Talks with Dalai Lama
AT last the Chinese government
has proposed reopening talks with the Dalai Lama, the exiled Tibetan
spiritual leader. The mystery is that Beijing did not realize the
necessity months ago, long before the Olympic torch began its
controversial world tour past crowds of pro-Tibetan protesters. By some
vagary of the political system, no one in the government seems to have
realized what a publicity disaster the torch carrying would become.
Given that both the government and ordinary Chinese people have invested
such effort and hopes in the Summer Olympics, this was an extraordinary
piece of bad judgment. However, those outside China who are now
suggesting that had Beijing been talking the Dalai Lama, there would
have been no protests at all, are very probably wrong. So emotionally
charged has the issue of Tibet become for the Western liberal
establishment (which at the same time wholly ignores a similar issue
among China’s Muslim Uighur population in Xinjiang) that the
multicountry procession of the Olympic torch was bound to be used as an
excuse for demonstrations. The irony is that the Dalai Lama himself,
though obviously heartened by the renewed spotlight on Tibet, has not
changed his life-long commitment to peaceful protest. He seeks not
Tibetan independence but rather autonomy within China that will permit
his people to live according to their ancient traditions. Nor has he
ever disapproved of China’s staging of the Olympics.

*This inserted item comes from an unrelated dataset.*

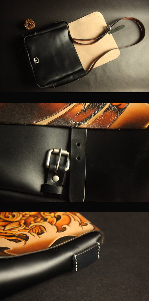 Design: Handmade Black Tooled Indian Chief Skull Leather Courier Bag Messenger Bag For Men

Rather than demonizing the Tibetan leader, the Chinese should have been
negotiating with him these past months. Now they enter into talks as if
under duress and are strongly suspected of seeking merely to assuage
international opinion until the Games are over. The Dalai Lama’s people
are hoping that the proposed discussions will amount to more than a
temporary publicity sticking plaster. Were Beijing to offer to review
its entire policy of the enforced integration of Tibet within China,
with large-scale immigration by Han Chinese, and even produce an outline
agreement on the eve of the Olympics, the current public relations
disaster would be transformed into a triumph. This is, however, to
ignore the visceral views of the majority of Chinese, who regard Tibet
as an integral part of the country. Thanks to 60 years of Communism,
there is also a strong ethic of conformity and an inherent disapproval
of diversity. This is applied as much to China’s Muslim and Mongol
communities as it is to the Tibetans. With its newfound confidence and
rising economic power, China is not in the mood to compromise. What is
more, in its long history, the rise of regional powers has always spelt
disaster for central government. Nevertheless, as it once again achieves
great-power status, Beijing must learn to compromise, albeit from a
position of strength. It did it successfully in taking back Hong Kong
and benefited hugely from the former British colony’s financial
expertise. It could do it again through a wise accommodation with the
Dalai Lama over the future of an autonomous, but still Chinese Tibet.